The European Union, which already allows duty-free access for many products from the African, Caribbean and Pacific countries through the Lomé Convention, said in Geneva that it would extend the same terms to Asian LDCs in 1998. The United States drew attention to its elimination, a few months earlier, of tariffs on 1,700 products from LDCs, and also to a bill before the US Congress which would grant trade advantages to African countries undertaking approved political and economic reforms.

The US and the EU together absorb roughly half of LDC exports, according to UNCTAD statistics. But developing countries as a whole also constitute a major market, consuming one-third of LDC exports. Therefore measures to improve access announced by Egypt, Korea, Malaysia, Mauritius, Morocco, Singapore, Thailand and Turkey set significant precedents, according to Mr. Chandra Kant Patel, UNCTAD's coordinator for LDC affairs. Other major partners such as Japan, Canada and Australia reminded the meeting of their liberal terms for imports of a wide range of LDC products.

The second phase of the plan agreed to in Geneva recognizes that without strengthened productive capacity, LDCs will not be able to take full advantage of more open export markets.
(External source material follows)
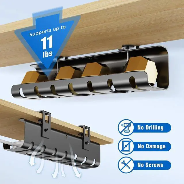 Sturdy Material: Cable Management Under a Desk is made of durable stainless steel with baking varnish material, Under Desk Cable Management are super sturdy and can hold up to 11 lbs items like power supply and other heavy items. It outperforms ordinary carbon steel trays in corrosion resistance and long-term reliability.
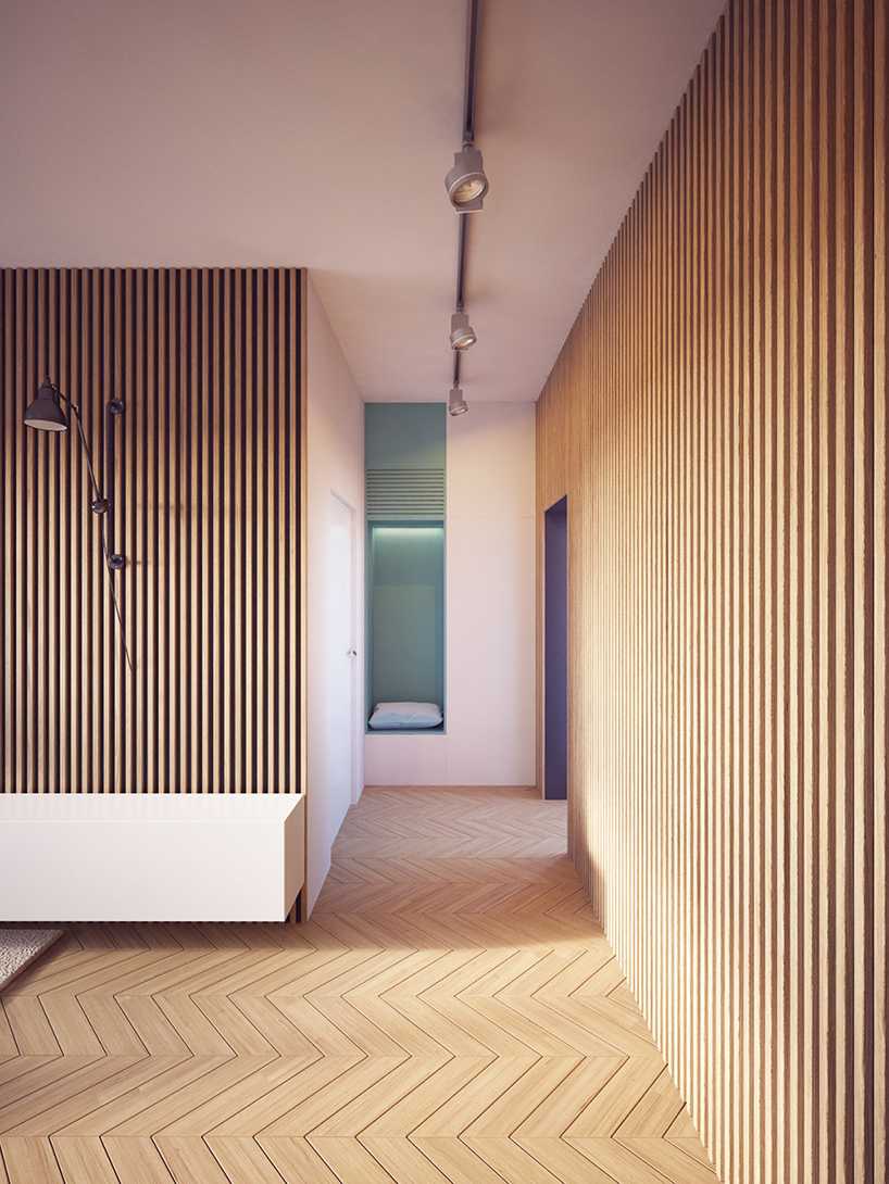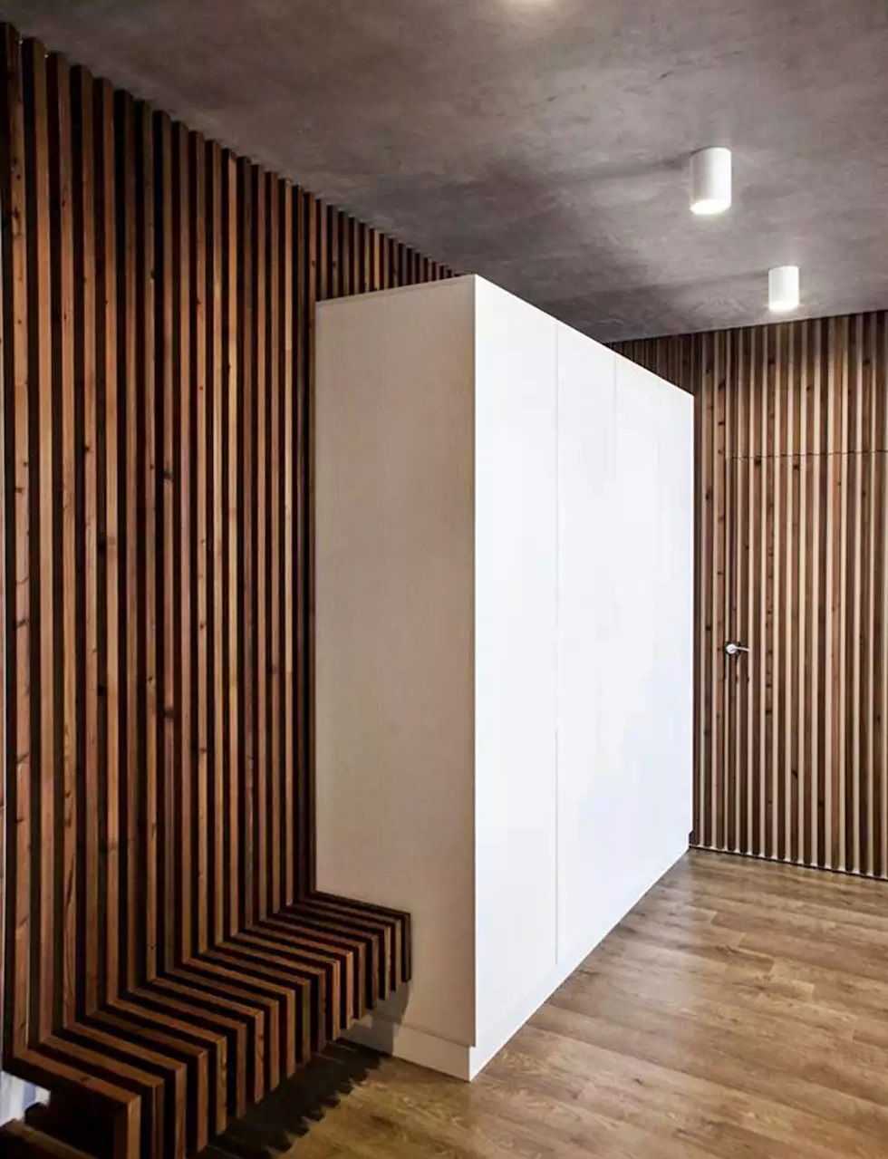 Нередко это маленькое помещение вызывает немало вопросов. Большинство квартир имеют небольшой или узкий коридор, который сложно оформлять. Рейки могут с этим помочь – расположите их так, чтобы визуально уравновесить пространство. В длинном и узком коридоре – горизонтально, вокруг двери и на стене напротив. Если в помещении низкий потолок, то ситуацию немного улучшит вертикальное размещение декора.

An "integrated framework" sets terms for cooperation on technical assistance to LDCs among six international agencies: UNCTAD and the UNCTAD-affiliated International Trade Centre, the WTO, the International Monetary Fund, the World Bank and the UN Development Programme. The aim is to develop country-level work plans to modernize trade regimes, attract foreign investment and diversify commodity production. Eventually, a broader range of agencies, including the Food and Agriculture Organization, the UN Industrial Development Organization and regional development banks, are to be involved. Hong Kong announced a $1.25 mn contribution for technical assistance through the framework.

Promises unfulfilled

The action plan for LDCs presented to the meeting by the WTO notes that there is considerable room for improvement of existing systems for preferential market access, including implementation of the Agreement on Textiles and Clothing from the Uruguay Round of trade negotiations. Textile production is a classic start-up sector for building industrial capacity, and developing countries have long complained that Uruguay Round promises of easier access to major markets for their textile products have remained unfulfilled.
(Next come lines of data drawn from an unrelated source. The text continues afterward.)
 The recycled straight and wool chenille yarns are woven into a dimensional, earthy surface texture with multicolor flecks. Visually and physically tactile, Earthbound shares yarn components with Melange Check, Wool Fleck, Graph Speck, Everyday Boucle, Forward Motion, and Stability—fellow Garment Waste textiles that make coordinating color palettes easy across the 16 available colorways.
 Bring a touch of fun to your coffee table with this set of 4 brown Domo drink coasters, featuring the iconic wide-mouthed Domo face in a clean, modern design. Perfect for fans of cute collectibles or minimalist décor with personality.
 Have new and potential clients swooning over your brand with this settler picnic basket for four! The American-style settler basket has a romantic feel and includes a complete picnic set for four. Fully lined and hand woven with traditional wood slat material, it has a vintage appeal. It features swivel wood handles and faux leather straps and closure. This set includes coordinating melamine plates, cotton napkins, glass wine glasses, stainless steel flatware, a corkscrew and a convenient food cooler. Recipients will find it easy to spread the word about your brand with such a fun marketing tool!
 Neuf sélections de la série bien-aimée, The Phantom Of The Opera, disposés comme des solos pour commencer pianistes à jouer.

Neither will the 1,700 duty-free tariff lines added to the Generalized System of Preferences of the US help stimulate LDC textile production. Mr. Richard Rosenblum, who led the US delegation in Geneva, told Africa Recovery that one-quarter of the US tariff schedule, including textiles, is generally excluded by statute from preferential elimination of tariffs. "But we can do more for Africa," he said, referring to bills before Congress that would reward reforming African economies with, among other benefits, duty-free access for a wide range of products including textiles.

Still, much of the opposition to the otherwise generally well regarded US "African Initiative" concerns free access for African textiles, say Congressional staffers interviewed for this article. When the legislation is approved -- most likely in mid-1998 -- such access may have been bargained away.
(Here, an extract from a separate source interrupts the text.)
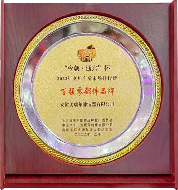 安徽美瑞爾濾清器有限公司憑借雄厚的實力,嚴格的質(zhì)量管理,優(yōu)質(zhì)的客戶服務(wù),良好的信譽及影響力榮獲2022中國商用車后市場排行榜“百強零部件品牌”榮譽稱號。
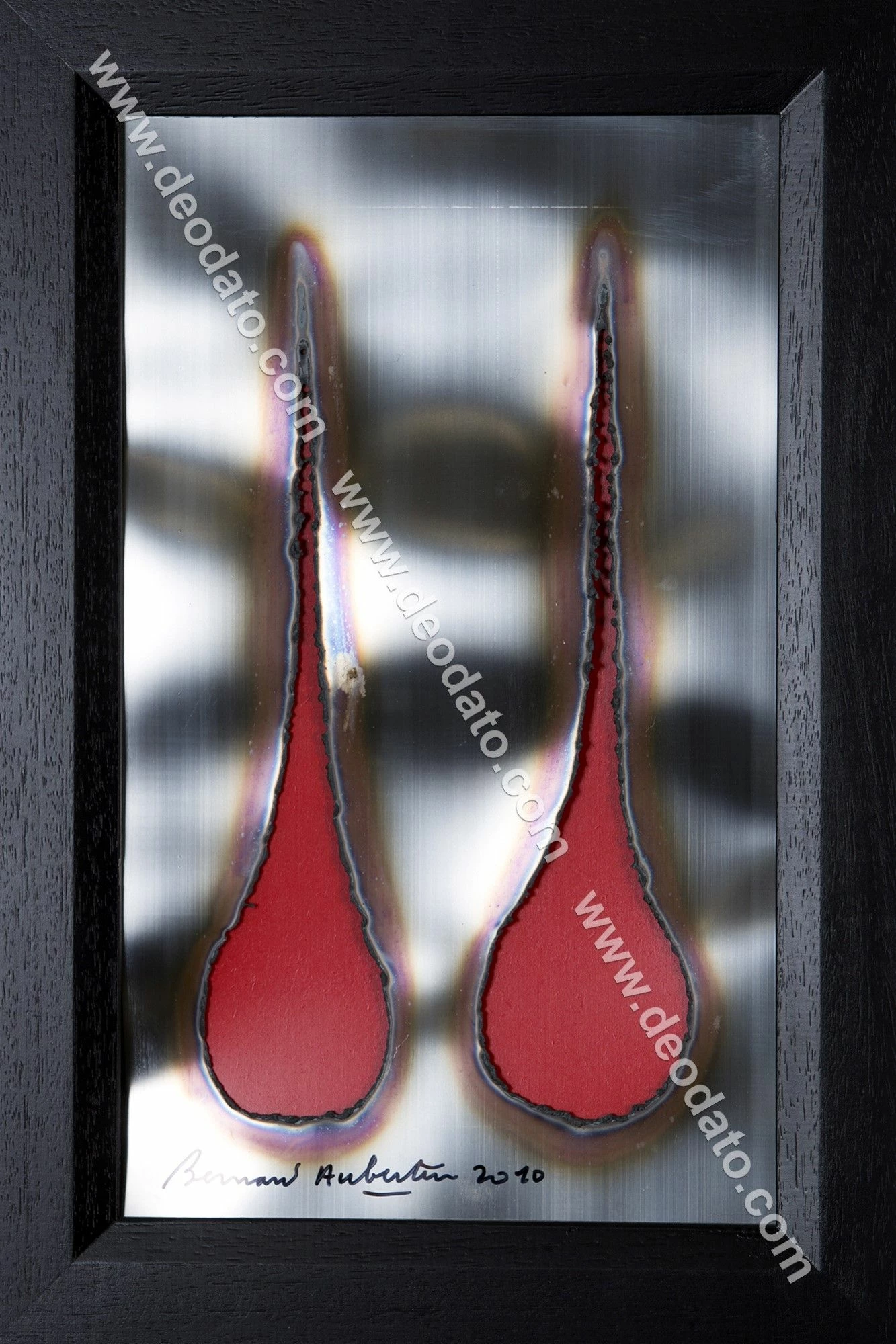 Lamiera bruciata con l’intervento della fiamma ossidrica che crea due forme nelle quali risalta lo sfondo rosso, caratteristica tipica dell’artista Bernar Aubertin. Il prezzo dell’opera include la cornice ed il catalogo con copertina rigida Bernard Aubertin. Fer Brûlé sul quale è pubblicata l’opera a pagina 165. Inoltre è archiviata dall’artista stesso con n°10451.

And if there is no tangible increase in market access, African leaders may become disillusioned with an initiative that is often promoted in Congress as a substitute for wasteful foreign aid and a means to leverage greater democracy in African governments.

The emphasis in the draft US legislation on limiting preferences to countries applying approved political and economic reforms is only one instance of the conditionalities attached to trade agreements which drew complaints at the Geneva meeting from Egyptian Ambassador Munir Zahran and South African Trade Minister Alec Erwin.

Mr. Ruggiero's proposal to lift all tariffs and restrictions on LDC exports, along with other unilateral concessions, will be tabled again at the May 1998 WTO ministerial meeting, says Mr. Richard Eglin, chief WTO organizer of the Geneva meeting. "The door remains open," he said, "and anyone can step through it."